Warburton: Gaining full visibility into encrypted traffic is never easy.

Dealing with encrypted traffic can be complex, costly, and disruptive. The problem escalates immeasurably if you are operating blind to cyber threats, which is basically what businesses are doing without a comprehensive SSL/TLS strategy in place.

Regrettably, too many still misplace their trust in inadequate security solutions, often leaving IT departments with an unenviable choice: let the traffic go uninspected or suffer extreme application performance losses.

In the new age of digital consent and compliance, can you afford to expose vulnerable data to high risk due to operational myopia, which will damage your brand reputation and lose customer trust?

Bypassing traditional security

Encrypting data-in-transit with SSL/TLS is already standard practice. Important security initiatives, such as built-in web browser warnings and the EU General Data Protection Regulation (GDPR), have significantly improved privacy awareness and helped mitigate data breach magnitudes.

While this is all good news, cybercriminals will always find a way to hide threats within encrypted payloads or use encrypted channels to propagate malware and exfiltrate data. Traditional security inspection solutions are becoming an increasingly easy challenge to overcome.

Ostensibly, gaining full visibility into encrypted traffic is never easy. Most organisations typically lack a central control to implement decryption policies across the multiple security inspection devices commonly found in the security chain. Consequently, security teams resort to daisy-chaining devices or tedious manual configurations to support inspection activities, increasing latency, complexity, and risk. All too often, the provisioning of network and security services, such as firewalls and security gateways, can turn into a time-intensive and error-prone process if SSL inspections are in the mix.

At the same time, eavesdropping and man-in-the-middle hijacks will continue to rise due to superannuated transport layer encryption standards still being in use, even though they have been officially retired as “broken”.

Many are also struggling to get the most out of the technology or understand how to best deploy it. Recent research from F5 Labs reveals that while 63% of surveyed business respondents use SSL/TLS encryption for their web applications, only 46% use it for the majority of their applications.

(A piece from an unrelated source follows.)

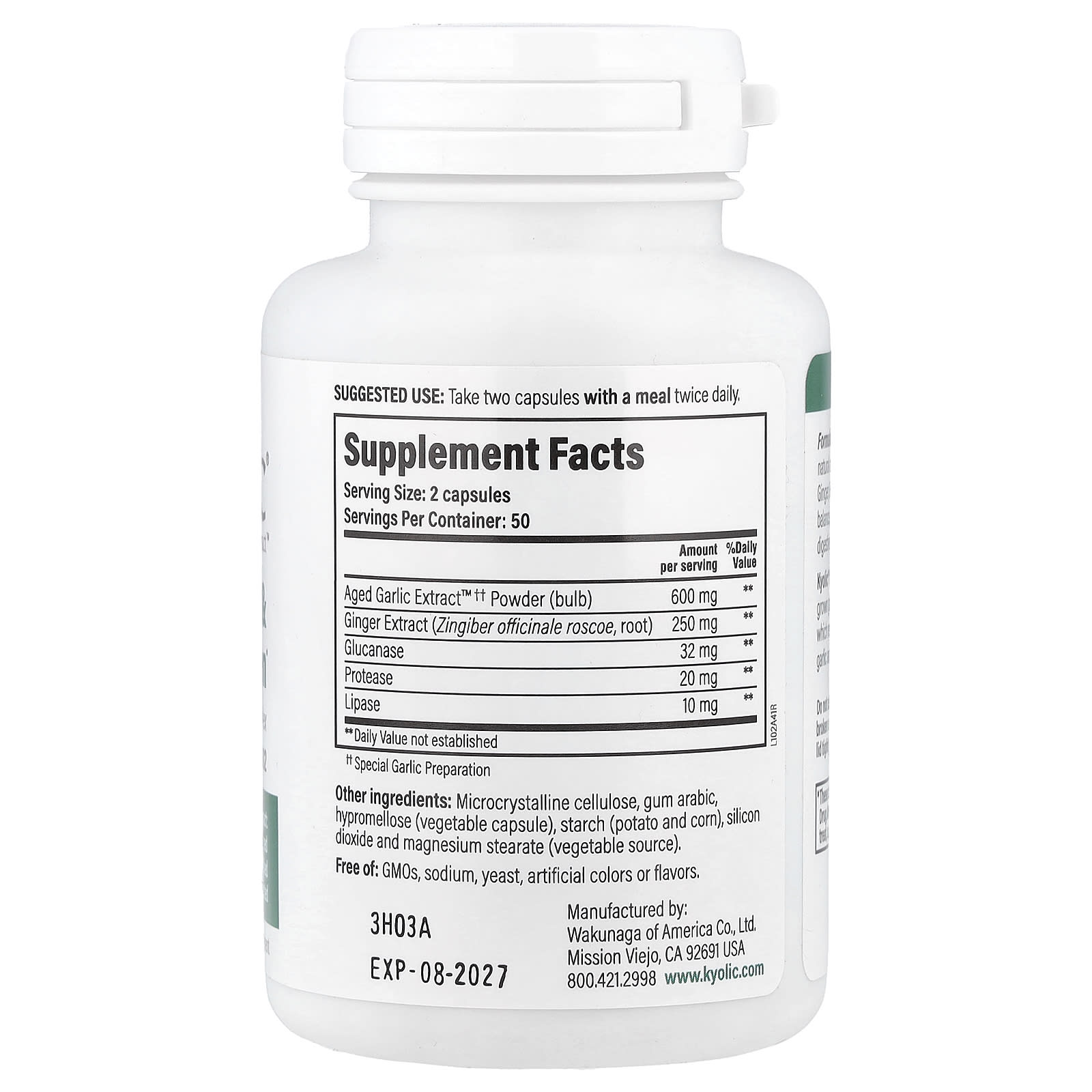 Смесь растений и ферментов формулы 102 содержит уникальную, натуральную синергетическую комбинацию из выдержанного экстракта чеснока Aged Garlic Extract™, имбиря, глюканазы, липазы и протеазы, которые обеспечивают сбалансированное содержание дрожжей, очищение организма изнутри, здоровую работу кишечника, поддержание пищеварительного баланса и усвоение питательных веществ.

Furthermore, 47% of organisations said they use self-signed certificates, which reduces application trustworthiness. This is unacceptable. Security teams need to ensure all applications are running suitable levels of encryption and have adequate third-party signed certificates in place.

There is far too much confusion and bad practice out there. It is high time businesses get their heads around growing SSL/TLS complexities, not to mention the associated impacts on data breaches, compliance, and privacy.

Improving your cryptographic posture

Fortunately, it is not all opaque doom and gloom. With the right encryption orchestrator solution, it is now possible to dramatically reduce the risk of encrypted attacks through dynamic service-chaining, which enables automatic insertion of physical or virtual security service appliances.

It is important to note that the best tools always balance app performance and risk mitigation, giving security teams all-encompassing visibility into encrypted traffic. This allows them to effectively manage and quickly respond to previously invisible threats. In addition, improved threat detection and attack remediation capabilities can improve overall operational efficiency across your entire application security infrastructure.

Securing tomorrow

The ultimate goal is to simplify the SSL/TLS management process, keeping data secure and gaining full visibility into encrypted traffic without compromising application speed or availability.

To do this, businesses need the ability to properly scan inbound and outbound traffic. Crucially, they have to vividly visualise and analyse the nature of today’s attacks vectors in order to secure their applications, which are by far the most valuable, data-laden assets at stake. Remember, there’s nowhere to hide when it comes to the cybercriminals’ encryption corruption. Now is the time to future-proof yourself against tomorrow’s threats.